The borrowers initially applied for relief by using a regulation known as borrower defense to repayment, which since 2016 has allowed the Education Department to decide whether schools have deceived students about their job prospects, broken state consumer-protection laws, or otherwise harmed them financially. If they have, borrowers are entitled to the discharge of their federal student loans.

Along with the 200,000 borrowers who qualify for immediate relief, because their schools were already determined by the Education Department to have misled students, another approximately 64,000 student borrowers could get relief under the settlement once the Education Department completes its reviews of their cases on a rolling basis. Their loans would bring the total settlement to around $7.5 billion.

“We are pleased to have worked with plaintiffs to reach an agreement that will deliver billions of dollars of automatic relief to approximately 200,000 borrowers and that we believe will resolve plaintiffs’ claims in a manner that is fair and equitable for all parties,” Mr. Cardona said.

The settlement follows a move earlier this month by the Biden administration to forgive all of the loans outstanding held by 560,000 students who attended Corinthian Colleges, which at $5.8 billion amounted to the largest single action of student-debt cancellation ever by the federal government.

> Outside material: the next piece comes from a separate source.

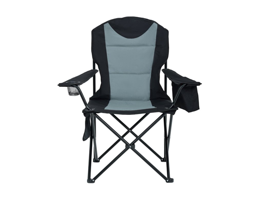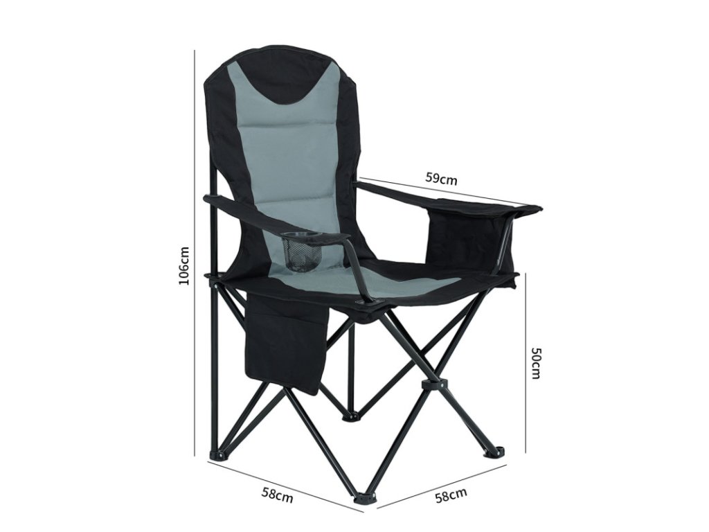 FYNTO kempingová židle s držákem na sklenici a chladící nádobou, šedá

“This momentous proposed settlement will deliver answers and certainty to borrowers who have fought long and hard for a fair resolution of their borrower defense claims after being cheated by their schools and ignored or even rejected by their government,” said

Eileen Connor,

director of the Project on Predatory Student Lending, which represented the borrowers.

The 200,000 who qualify for immediate relief includes approximately 74,000 borrowers whose borrower-defense claims were rejected summarily by the Trump administration. Trump administration officials said the Obama-era rules were too broad and vague and threatened to drive up the taxpayer costs of covering canceled debt. The Trump administration denied more than 100,000 borrower-defense claims in 2020, and borrowers whose claims were approved were often granted partial rather than full debt forgiveness.

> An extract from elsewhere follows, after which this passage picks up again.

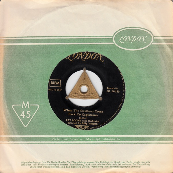 Pat Boone – When The Swallows Come Back To Capistrano / April Love (1957) – Very Good (VG)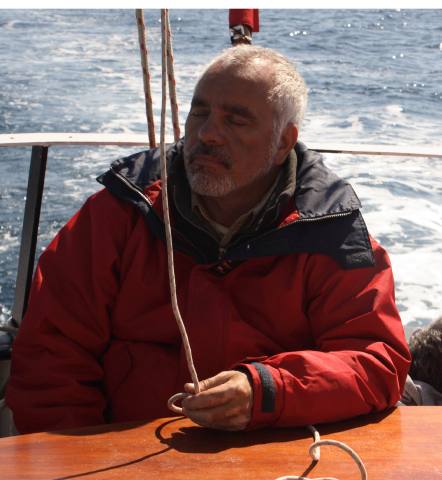 Qu’il soit en train d’affaler une voile, de regarder l’horizon ou de boire du vin rouge, Philippe Rigaud, notre écrivain de bord a toujours la même position.

Student-loan interest rates have risen to their highest in years. WSJ’s Dion Rabouin explains how they’re calculated and why this year’s rates are so high after touching a record low in 2020. Illustration: David Fang

The settlement is a major step toward the Biden administration’s goal of clearing borrower-defense claim backlogs. The backlogs have been the source of frustration for borrower advocates and congressional Democrats, who have urged the administration to act more quickly to resolve outstanding claims. As of the end of 2021, 423,000 borrowers had filed claims under the program and around 157,000 applications had either not been processed or borrowers hadn’t yet been told whether their claims were approved.

The administration is in the process of updating the borrower-defense regulation, aiming to make it easier for borrowers to apply for loan forgiveness under the program.

For-profit colleges raised concerns during the rule-making process that the administration could make it too easy to apply for and obtain loan forgiveness, potentially damaging the schools’ reputations and forcing some schools to close.

The administration’s efforts come as it plots its way forward on the politically potent issue of student-debt forgiveness ahead of the 2022 midterm elections. Around 40 million borrowers hold $1.6 trillion in federal student debt. Mr. Biden on Monday told reporters that he is nearing a decision on whether to pursue mass cancellation of student debt, which would be legally risky.

Rather than pursue broad-based student-debt cancellation, as some political allies urge, the administration instead has taken a piecemeal approach using the borrower-defense rule, canceling billions in debt held by borrowers with disabilities and revamping the forgiveness process for those who have pursued careers in public service.

Prior to the settlement, the Biden administration had canceled $25 billion worth of federal student loans since taking office.